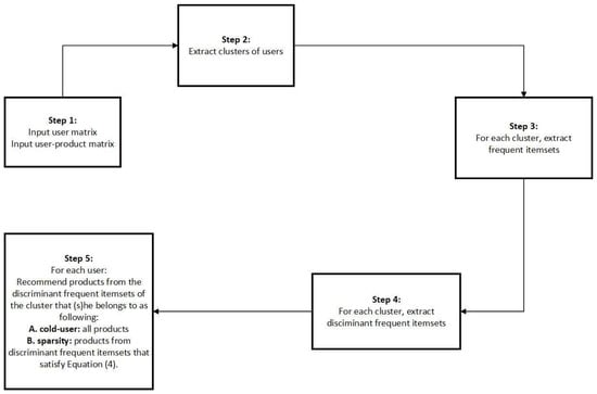 It is important to note that the proposed methodology can straightforwardly be applied also to predict the products that the user does not like. This can be achieved simply by extracting frequent itemsets and hence discriminant itemsets based on cells with cell values equal to 0. In this case, a discriminant itemset consists of products that cannot be recommended to each user of a cluster, based also on Equation (4). Then, the proposed methodology can update the initial user–product input matrix by adding zero to certain cells whether they were initially empty or not.
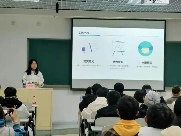 宣讲会上,团委书记王佩老师深入解读本次实践活动的时代背景和防疫常态化的要求,提出社会实践要紧扣主题,结合个人兴趣和专业特长选取调研方向;调研过程要创新形式和载体,通过多种途径搜集资料数据;调研报告的撰写要在格式规范的基础上提出可行对策和建议,体现青年思考和担当。
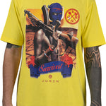 The "Survival Yellow Tee" features a striking image: an African warrior wearing a ski mask and brandishing an AK rifle. Set against the vibrant yellow fabric, this graphic embodies strength and resilience. Perfect for those who appreciate bold symbolism, this tee is a statement piece that commands attention. Wear it proudly as a symbol of survival and determination in the face of adversity.
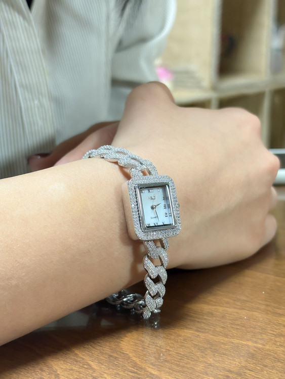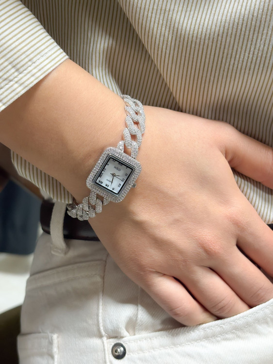 ساعت نقره جواهری کارتیر برند H&Dکد W7صفحه مربع سفید دارای موتور ژاپن با دوسال گارانتی یکی از ساعتهای زیبای مجموعه نیک سیلور است نگینهای این ساعت زیبا زیرکونیا میباشد این ساعت دارای بند تنظیم و قفل کتابی محکم است برای درخشش و جلای کار آبکاری رودیوم انجام شده است که بدون حساسیت است

++++

▶ [Your objective]
Would you copy each line above exactly as given, dropping any images?

▶ [Answer for this exercise]
 It is important to note that the proposed methodology can straightforwardly be applied also to predict the products that the user does not like. This can be achieved simply by extracting frequent itemsets and hence discriminant itemsets based on cells with cell values equal to 0. In this case, a discriminant itemset consists of products that cannot be recommended to each user of a cluster, based also on Equation (4). Then, the proposed methodology can update the initial user–product input matrix by adding zero to certain cells whether they were initially empty or not.
 宣讲会上,团委书记王佩老师深入解读本次实践活动的时代背景和防疫常态化的要求,提出社会实践要紧扣主题,结合个人兴趣和专业特长选取调研方向;调研过程要创新形式和载体,通过多种途径搜集资料数据;调研报告的撰写要在格式规范的基础上提出可行对策和建议,体现青年思考和担当。
 The "Survival Yellow Tee" features a striking image: an African warrior wearing a ski mask and brandishing an AK rifle. Set against the vibrant yellow fabric, this graphic embodies strength and resilience. Perfect for those who appreciate bold symbolism, this tee is a statement piece that commands attention. Wear it proudly as a symbol of survival and determination in the face of adversity.
 ساعت نقره جواهری کارتیر برند H&Dکد W7صفحه مربع سفید دارای موتور ژاپن با دوسال گارانتی یکی از ساعتهای زیبای مجموعه نیک سیلور است نگینهای این ساعت زیبا زیرکونیا میباشد این ساعت دارای بند تنظیم و قفل کتابی محکم است برای درخشش و جلای کار آبکاری رودیوم انجام شده است که بدون حساسیت است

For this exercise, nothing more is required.